This is all fine as it's your opinion, but saying that people need therapy for having made a choice in one area of their life that you don't agree with is patronizing to say the least.

I made that choice when I became a husband and it was reinforced when I became a father. It's not something I chose lightly, and it's not something that's ever going to change. Some scumbag enters my home illegally, they're done and that's all. If at the end of the encounter he's dead and my family is unharmed, I've done my job as a husband and a father and I'll sleep fine. 

The part where you seem to think that I need to sit down and ponder the morality of what I've done (taking a human life etc..) is never a consideration, because that person stepped outside the boundaries of what I think of as 'human behavior' the second they forced me to make the choice to kill them to defend my family. Again, if they hadn't chosen to do what they did, they'd still be alive. Their choice, not mine.


----------



## totalnewb (Jan 25, 2015)

ghostred7 said:


> Depends on your state...absolutely. It's called Castle Doctrine.
> 
> 
> I find it interesting that one that has had zero training in this matter thinks those with much training wouldn't be successful. There are plenty of locations that teach courses tailored to night break-in, in-home tactics, etc.
> ...



I read a while back that some states were trying to make it to where if someone is in your yard you can shoot them, which is scary to me because when I am walking places I routinely walk on peoples yard -albeit as close as I can to the curb- to avoid cars. May be an OT reply but still.


----------



## ghostred7 (Jan 25, 2015)

totalnewb said:


> I read a while back that some states were trying to make it to where if someone is in your yard you can shoot them, which is scary to me because when I am walking places I routinely walk on peoples yard -albeit as close as I can to the curb- to avoid cars. May be an OT reply but still.

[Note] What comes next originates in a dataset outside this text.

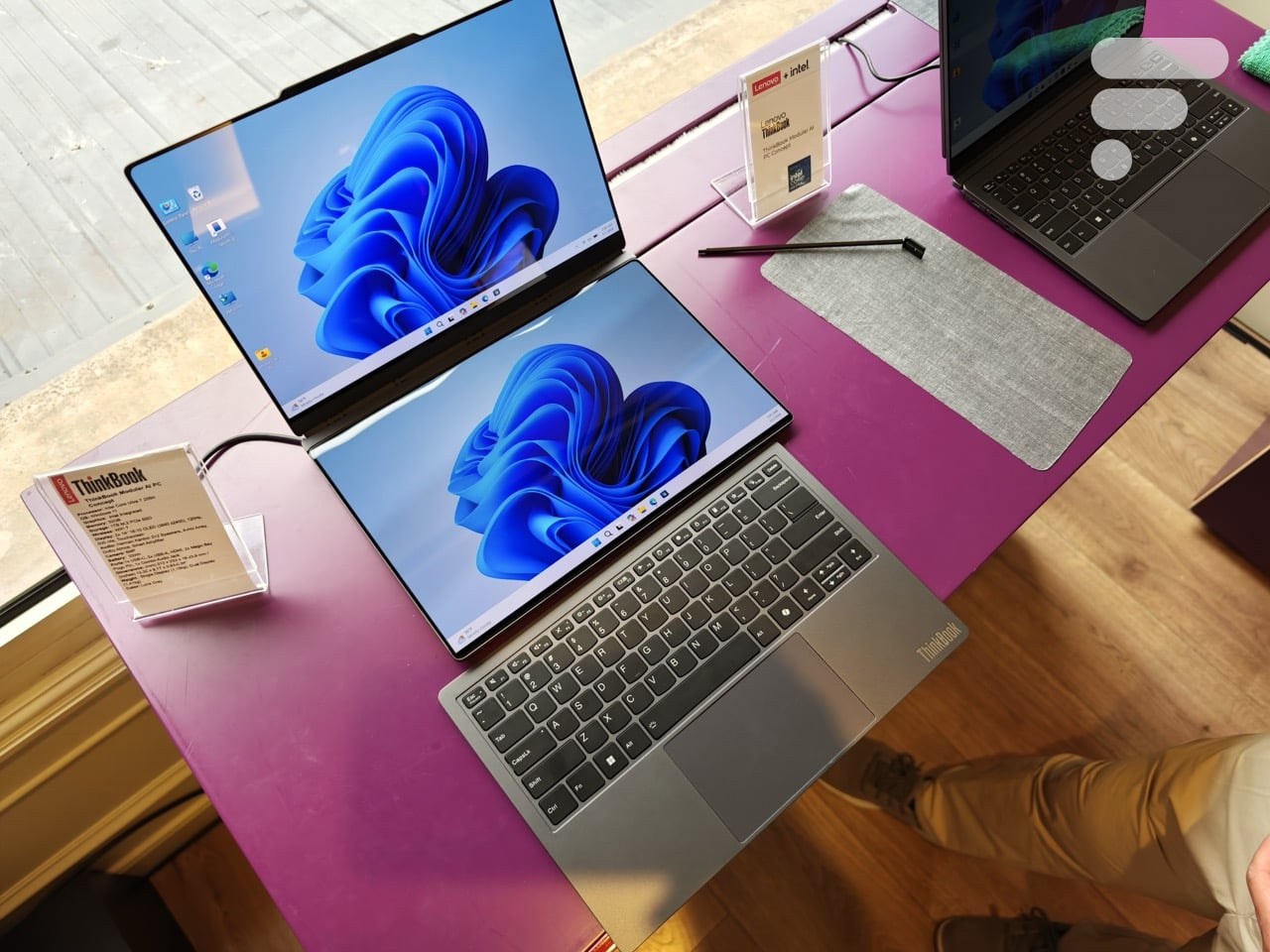 La configuration la plus impressionnante est sans doute l’écran déporté sur le côté. Grâce à un kickstand intégré, ce second moniteur se transforme en écran de voyage parfaitement aligné avec l’écran principal, en mode portrait ou paysage.

There's some grey area about the yard. Some states consider the yard part of the "castle" and therefore backed by Castle Doctrine. Personally, if they're only in my yard, the cops or my neighbors can handle it. The second they try to force their way into my home....all bets are off.


----------



## totalnewb (Jan 25, 2015)

ghostred7 said:


> There's some grey area about the yard. Some states consider the yard part of the "castle" and therefore backed by Castle Doctrine. Personally, if they're only in my yard, the cops or my neighbors can handle it. The second they try to force their way into my home....all bets are off.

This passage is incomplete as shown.